The approach addresses what IBM research identifies as the biggest barriers to AI adoption: limited AI skills and expertise (33%), data complexity (25%), and ethical concerns (23%). By starting with manageable use cases and building expertise gradually, teams can overcome technical knowledge gaps while demonstrating clear value.
Sally's philosophy extends to content creation, where she takes what she calls a "somewhat controversial" stance on AI-generated writing. "I don't have a problem with using AI to write something end-to-end as long as the input includes human insight," she explains. "I'm less precious about the actual writing process than I am about ensuring original thinking drives the content."
Professional services require specialized approaches
Unlike product-based industries where AI adoption often centers on customer behavior prediction, professional services firms face unique constraints around compliance, confidentiality, and brand reputation. "Most AI solutions don't actually work for professional services marketers," Sally notes, explaining why InnovAItion Partners focuses exclusively on this sector. Standard AI marketing tools often ignore the reality that automated content publishing would "get laughed out of the room" by compliance teams at law firms or accounting practices.

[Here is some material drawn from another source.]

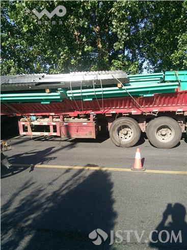 荔枝新闻网友赶到现场时,只见一辆红色大卡车停在公路西侧,车辆东侧的卡车挡板已经被挤压变形,好似鸟的翅膀伸出车外,如果不是锥形桶将其隔离开来,后面的车辆撞上去后果不堪设想,据车主介绍,车上装载的是机器上的钢条,凌晨时分由北向南行驶过程中车上的钢条突然向东倾斜,随后一部分钢条掉到公路上,影响了道路通行,他们随即报警,接到报警的交警赶到现场后先和车上人员一起将散落在公路上的钢条移到公路下面,然后用锥形桶设立警示标志,据调查,出现货车挡板被挤压变形是因为车上物品超载所致,目前交警已经联系吊车赶往现场,帮助货主驳载货物,及时恢复交通,消除安全隐患。

The approach becomes particularly relevant for professional services firms that need to navigate compliance requirements while scaling content and business development activities. Most generic AI marketing tools ignore these sector-specific constraints, creating gaps that Sally's specialized approach addresses directly.
This perspective becomes particularly relevant as AI marketing market research shows unprecedented growth, valued at US$47.32 billion in 2025 and projected to hit US$107.5 billion by 2028. Success increasingly depends on using AI to unlock new strategic possibilities rather than simply automating current workflows.
For professional services firms specifically, Sally argues that AI's greatest value lies in scaling human expertise across formats and channels while maintaining the specialized knowledge that defines these industries. "No matter the use case, human expertise and insight are there as the foundation, but AI helps us scale it across formats and channels," she emphasizes.